§ **Stored items**
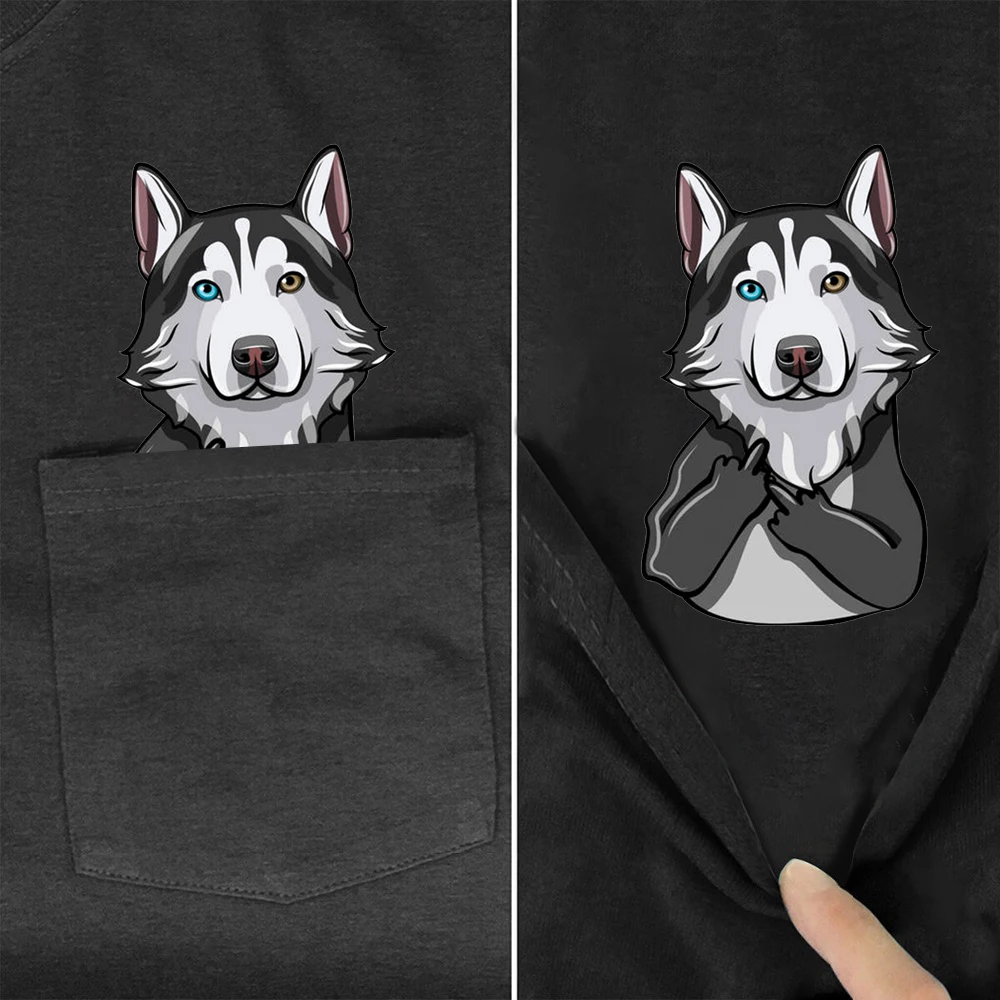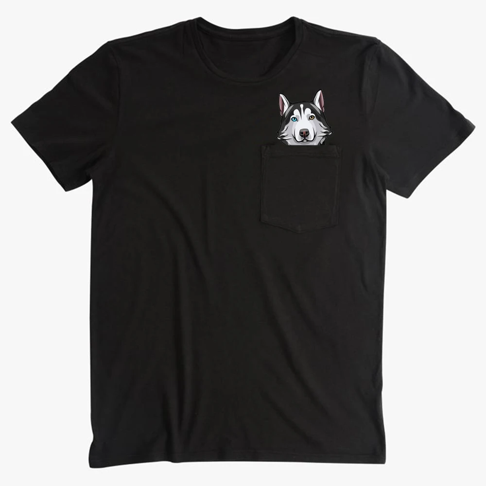 Черная хлопковая Футболка CLOOCL с изображением животных, смешной подарок хаски, идеи карманов, футболка с принтом, модные хлопковые футболки в стиле хип-хоп, топы
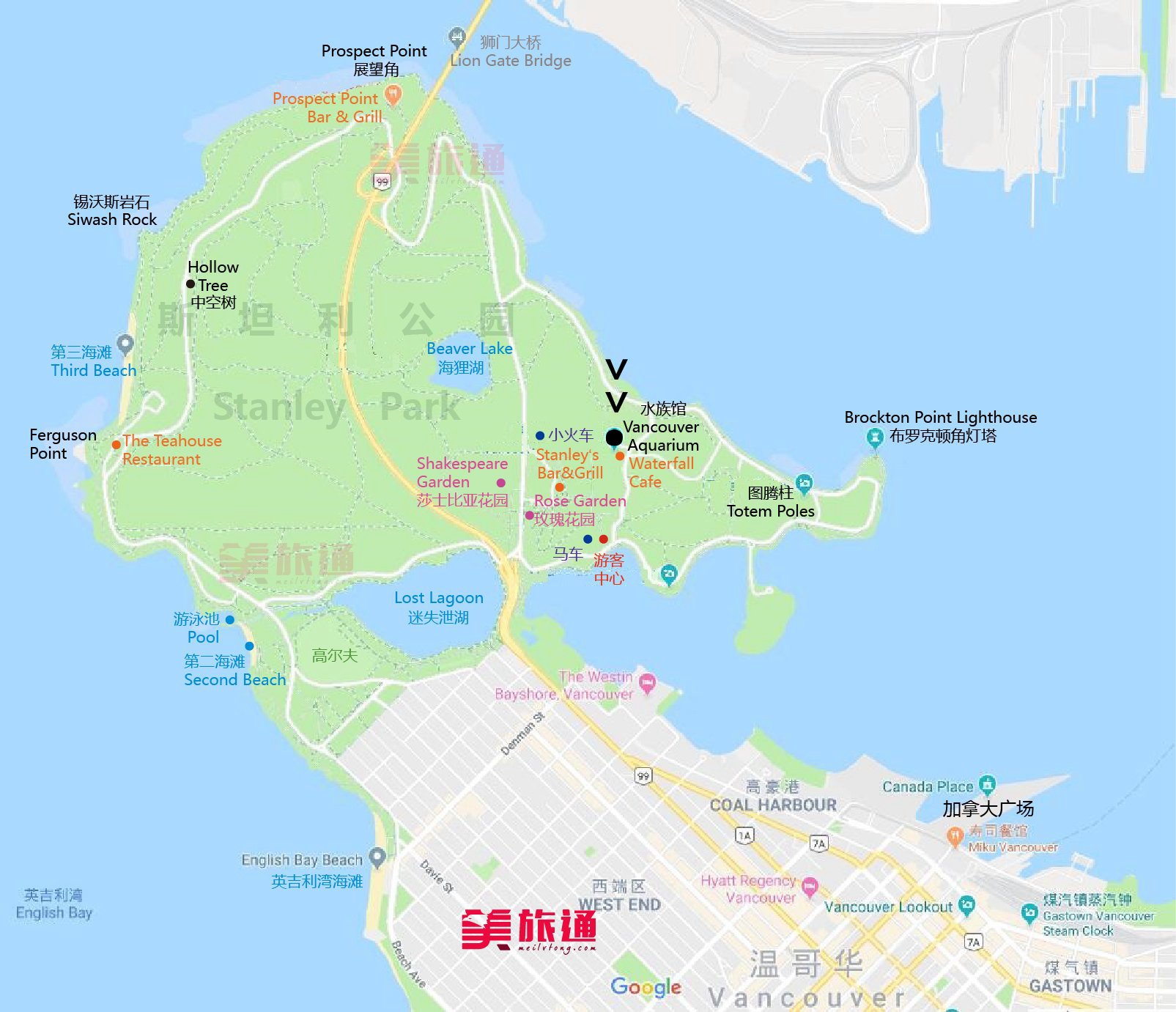 乘公交车19路,在斯坦利公园内的终点Stanley Park Loop站下车,步行5分钟内即可抵达水族馆(见下图)
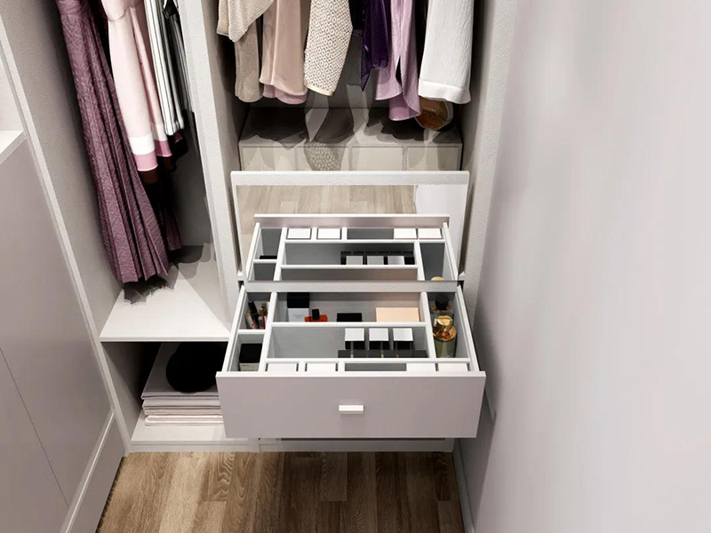 抽屜多少合適呢?老居認為,越多越好。衣櫃內的抽屜設計不起眼卻很實用,可幫助衣櫃儲藏更多“需要隱形”的物品。例如背心、薄T恤、貼身衣物、領帶、腰帶、絲巾等等。
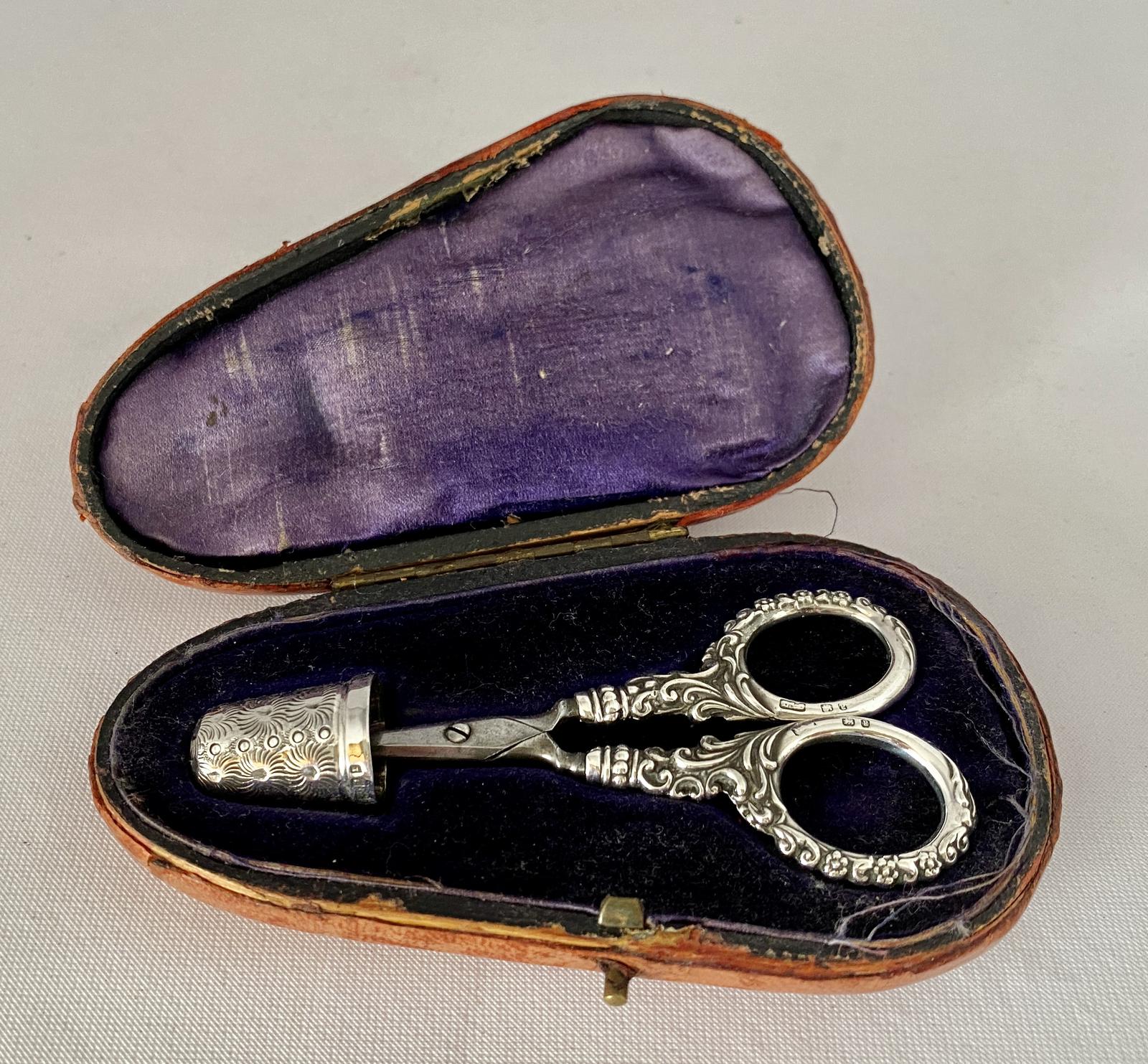 Cased Needlework Scissors & Thimble - Birmingham 1881
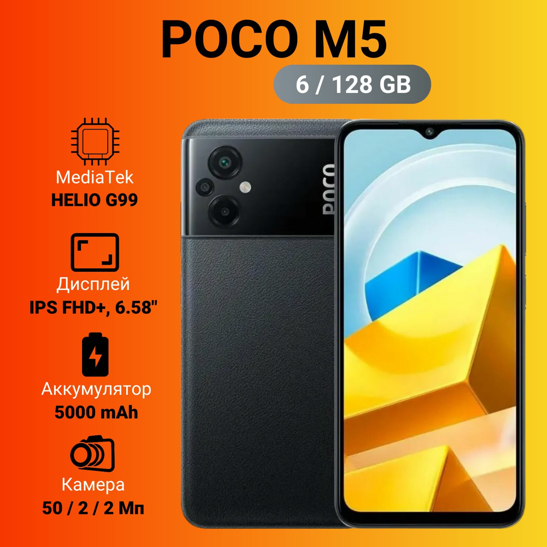 Смартфон POCO M5 6/128Gb черный, ростест(EAC)
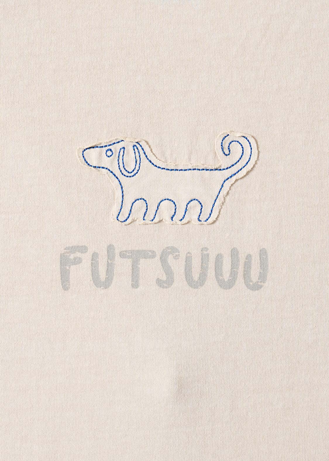 ・断ち切りの生地に配色ステッチを重ね、ピグメント加工を施した表情が古着を手に取ったときのような落ち着いた空気をつくります。
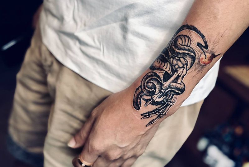 疤痕覆盖纹身图片_手臂点刺New School纹身图案
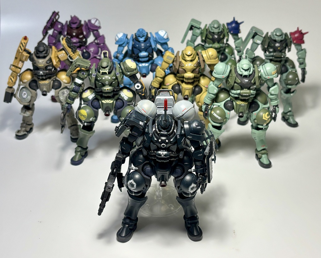 オリジナル機も交えての、我が家のGQザク/軍警ザク軍団。計14機となりました。
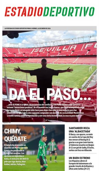 Como cada mañana, os dejamos con la portada del diario de deportes sevillano, Estadio Deportivo.
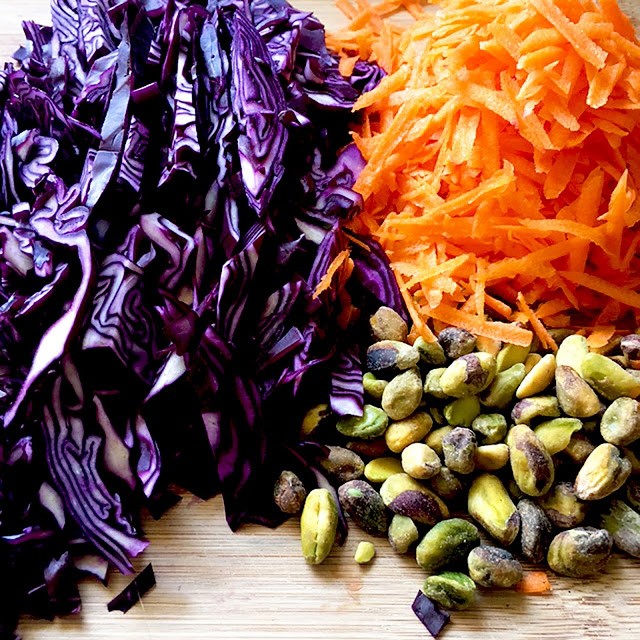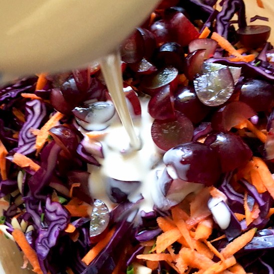 ARTIST COLESLAWToss in some halved or quartered seedless grapes. About half a cup. They are a secret ingredient adding a wee burst of sweetness amidst the crunch. You could also substitute some sweetened dried cranberries or perhaps some mango! Remember, as with all salads, you add more of what you like and less of what you don’t! Experiment and see what happens:)
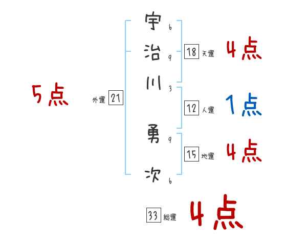 天運![]() | 宇治川勇次さんの天運は18画の4つ星!情熱的で剛気。忍耐力があり信頼される。 家系が持つ宿命的な運勢を表します。祖先から受け継いだ苗字ですので自分の力が及びません。家柄を象徴します。 |
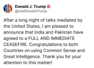 डोनाल्ड ट्रम्प ने कहा, ‘रात यूएसए की मध्यस्थता में चली लंबी बातचीत के बाद मुझे बताते हुए खुशी हो रही है कि भारत और पाकिस्तान तुरंत और पूरी तरह युद्ध विराम के लिए तैयार हो गए हैं। मैं दोनों देशों को कॉमनसेंस, समझदारी से भरा फैसला लेने के लिए बधाई देता हूं।’
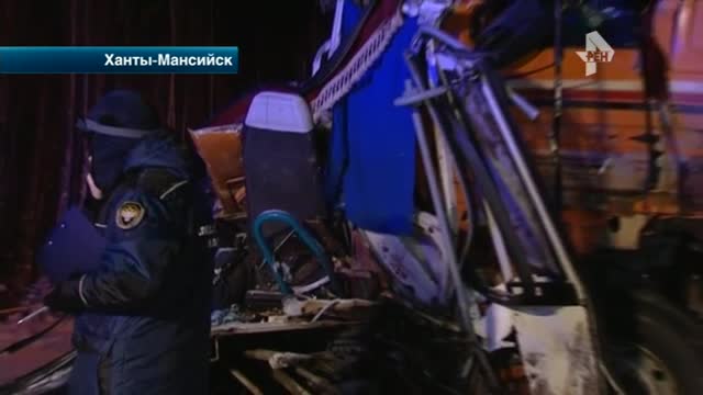 "Водитель автобуса зацепил зеркалом грузовой автомобиль. Соответственно, его развернуло, вывело на встречную полосу. Грузовик врезался в автобус. Практически автобус разорвало на две части", – заявил начальник УМВД России по ХМАО – Югре Василий Романица.
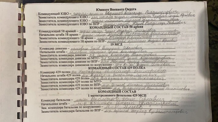 «Як вказують документи, раніше тут стояли солдати росармії з військової частини 43057, яка базується в Північній Осетії – Аланії, місто Владікавказ, селище Спутник. «Рабочая тетрадь командира отделения Мамаева Р.М.» та «Журнал учета боевой подготовки» вказує прізвища командирів та особового складу, починаючи від Южного воєнного округу РФ до мотострілкового батальйону військової частини 43057. А «Сопроводительный лист на перевозку материальных ценностей», датований 21 листопада 2021 року, фіксує кількість боєприпасів та прізвище відповідальних за БМП-3», – ідеться у повідомленні.
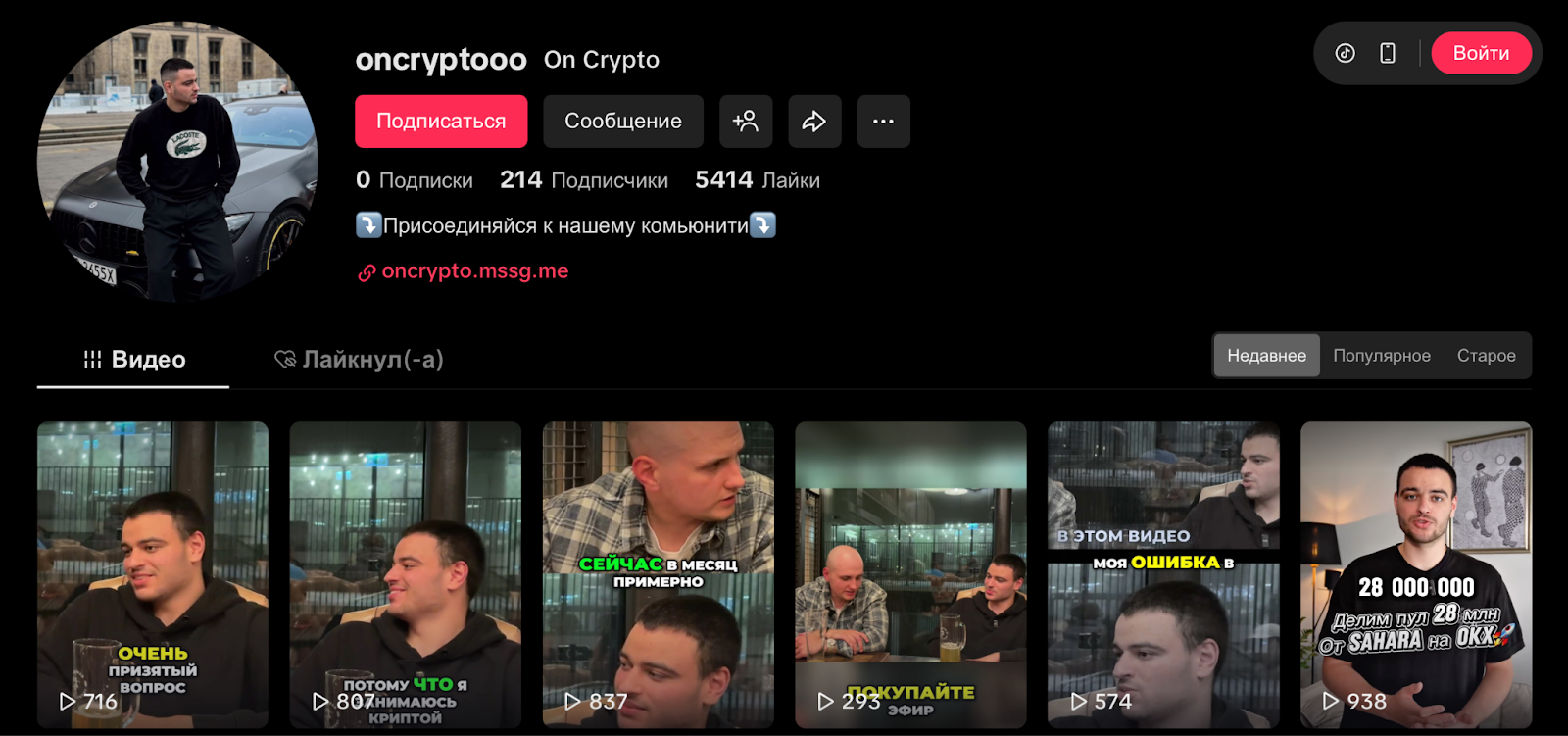 Мы ничего не знаем об экспертности «Серого» и его бэкграунде в сфере крипты. Контакты для связи указаны через администраторов с никами m34vmkt и evavvvvvvvvvvvv, что характерно для крипто-каналов. Через данные профили предлагается решать вопросы сотрудничества и рекламы, ведь отдельного аккаунта техподдержки не предусмотрено.Канал проекта на Ютубе Oncrypto Channel дополняет картину видео‑обзорами — от разбора конкретных монет до общих трендов. В ТикТок (Oncryptooo) и Инстаграм (On Crypto Channel) контент более легкий: короткие тезисы, мемы про рынок и «горячие» прогнозы на пару предложений. Визуально это выглядит как попытка охватить максимум площадок и собрать аудиторию с разных источников.

§ **Prompt**
Leave out all pictures and output each line exactly, from the top of the records through the line that holds "乘公交车19路,在斯坦利公园内的终点Stanley Park Loop站下车,步行5分钟内即可抵达水族馆(见下图)".

§ **Your response**
 Черная хлопковая Футболка CLOOCL с изображением животных, смешной подарок хаски, идеи карманов, футболка с принтом, модные хлопковые футболки в стиле хип-хоп, топы
 乘公交车19路,在斯坦利公园内的终点Stanley Park Loop站下车,步行5分钟内即可抵达水族馆(见下图)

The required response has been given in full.